Jones and Athanas actively recruit students at all levels to work on the effort. To date, 13 undergraduates and 26 graduate students have been involved. Undergraduate students, selected according to their interest, skills, and experience, are typically involved in software, development, and system administrative duties.
Many of the students are involved in various aspects of developing tools for programmers to enhance application development for the machine. One of the major tools under development, the application program interface (API), is aimed at providing a developer with the ability to write a single host program that controls multiple adaptive computing boards and the communications between the boards.
Jonathan Scott (Phil/CpE, '00) described the API as "a friendly interface, like Windows, instead of the present interface that is so specific that few developers can use it easily." Although the actual programming is not difficult, he said, some challenges come in with discovering undocumented functions of the boards. "The greatest challenge, however, is communications among team members," he said.
"Since nobody has done this before, it's very much a learning process and we end up revising as we write," he said. "As any one of us comes across a bug, we correct the system as we go.

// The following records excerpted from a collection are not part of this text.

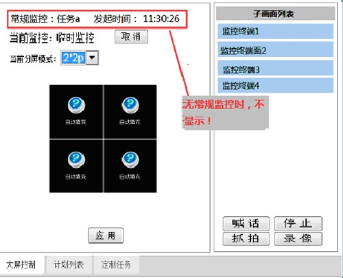 監(jiān)控計(jì)劃規(guī)定了監(jiān)控系統(tǒng)何時(shí)以何種方式在大屏上顯示多個(gè)現(xiàn)場的監(jiān)控畫面。監(jiān)控畫面可輪詢,可調(diào)整設(shè)置畫面分屏顯示模式;可以固定在某位置顯示某監(jiān)控畫面;可以切換到險(xiǎn)情聯(lián)動(dòng)監(jiān)控模式?梢耘c監(jiān)控畫面喊話;監(jiān)控錄像;保存畫面等功能。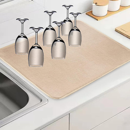 GORILLA GRIP Ultra Water Absorbent Microfiber Dish Drying Mat, 18x24, Quick Dry Thick Mesh, Slip Resistant Pad for Sink Dishes or Under Rack, Kitchen Counter Accessories, Machine Wash Mats, Almond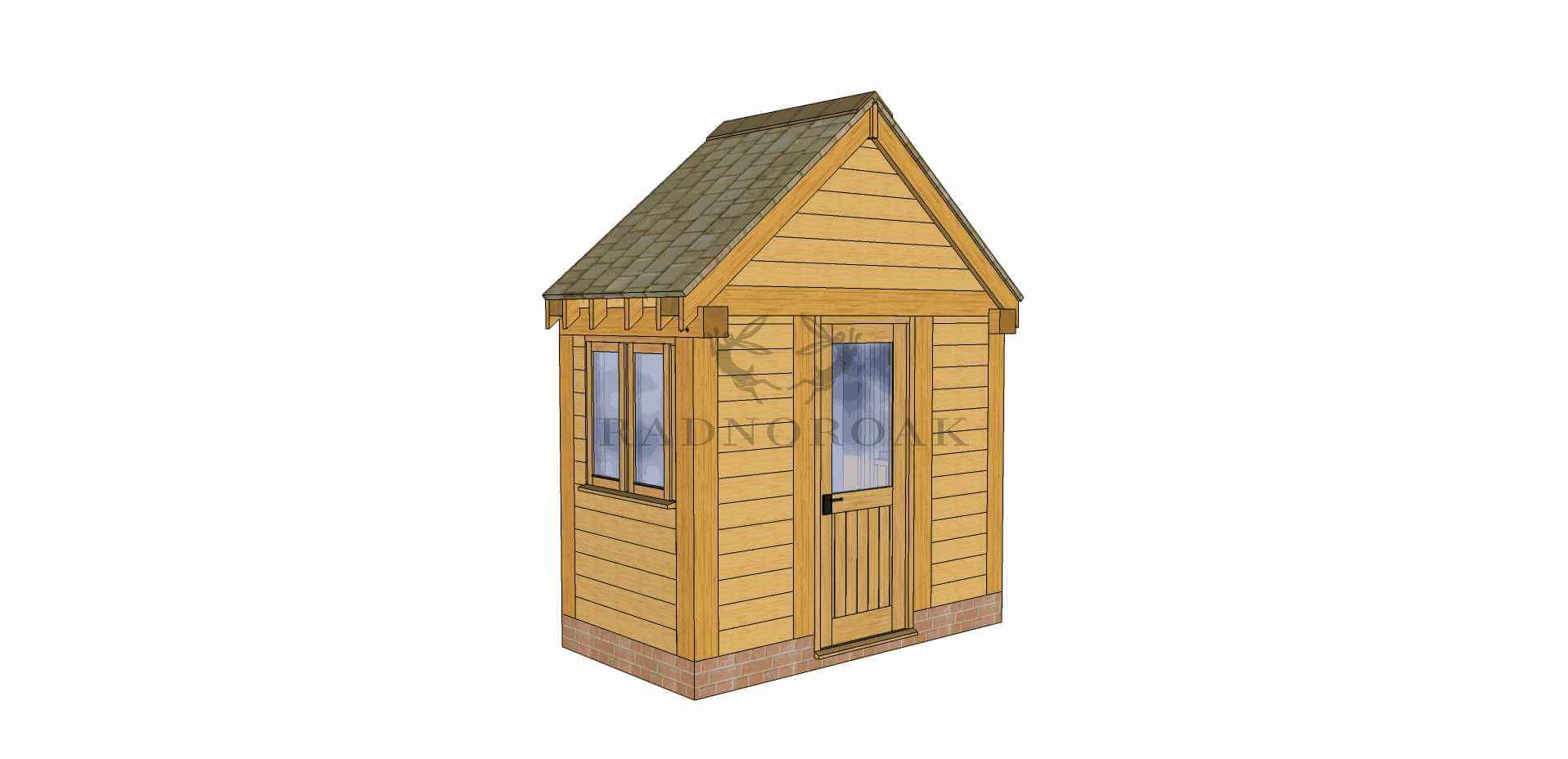 Handcrafted in our Mid-Wales workshop using premium oak and traditional mortice and tenon joints, the design features chunky oak posts, glazed joinery, and a steeply pitched roof. The enclosed layout provides additional insulation and weather protection, while the full-height glazing keeps the space light and inviting.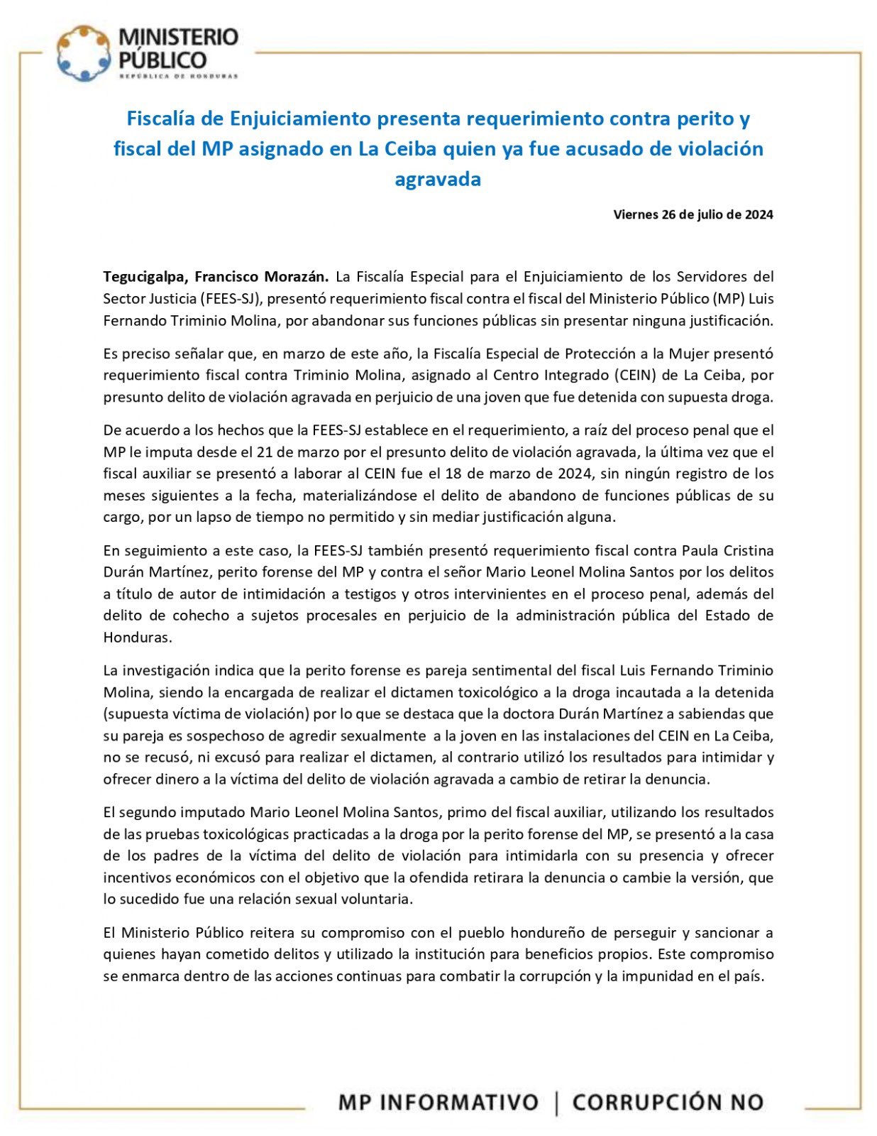 De fiscal del MP a tener alerta migratoria por violación - El Heraldo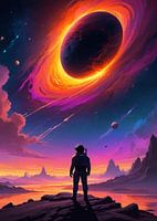 Een astronaut zweeft door de uitgestrektheid van de ruimte, omringd door de oneindige uitgestrektheid van wervelende sterrenstelsels, nevels en sterren. De ontzagwekkende schoonheid en afzondering van de kosmische wildernis contrasteren met de stilte van de leegte en roepen een gevoel van verwondering en onbeduidendheid op.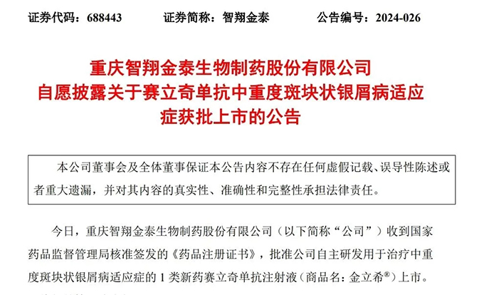 8月27日,重慶智翔金泰生物制藥股份有限公司(以下稱“智翔金泰”)自主研發的1類新藥賽立奇單抗注射液(商品名:金立希?)獲得國家藥品監督管理局(NMPA)核準簽發的《藥品注冊證書》,正式獲批上市。天勤生物子公司湖北天勤鑫圣生物科技有限公司(以下稱“天勤鑫圣”)為該項目提供了部分臨床前安全性評價試驗服務,全力助推該產品順利獲批上市。

We find it's important that we communicate our changes to the rest of the team."
Lou Pochet (CpE, '99) enjoys the team atmosphere. "This is the most fun I've ever had," he said. "Not only is it the ground floor of a new technology, but in this group, everybody is in it together. We fight out problems on our own, then get help from others on the team. If that doesn't work, we know we can always go to one of the professors - they have infinite patience and can hand you answers all day," he said.
Luke Scharf (CS, '01) had experience in his family's computer service and repair business and has been working on the team as a system administrator. "From a system administrator's point of view, this is 16 different machines. We're working to be able to split very large problems 16 ways on 80 FPGAs, to work in concert to solve the problem," he said.
After spending time on the team, he decided he wanted to know more about hardware, and to study computer engineering in addition to computer science. "There are clever ways to sort in hardware that you can't do in software," he said. "By knowing both aspects, you can do things really fast or create a machine that does things really fast. A machine that is infinitely fast would make my life much easier."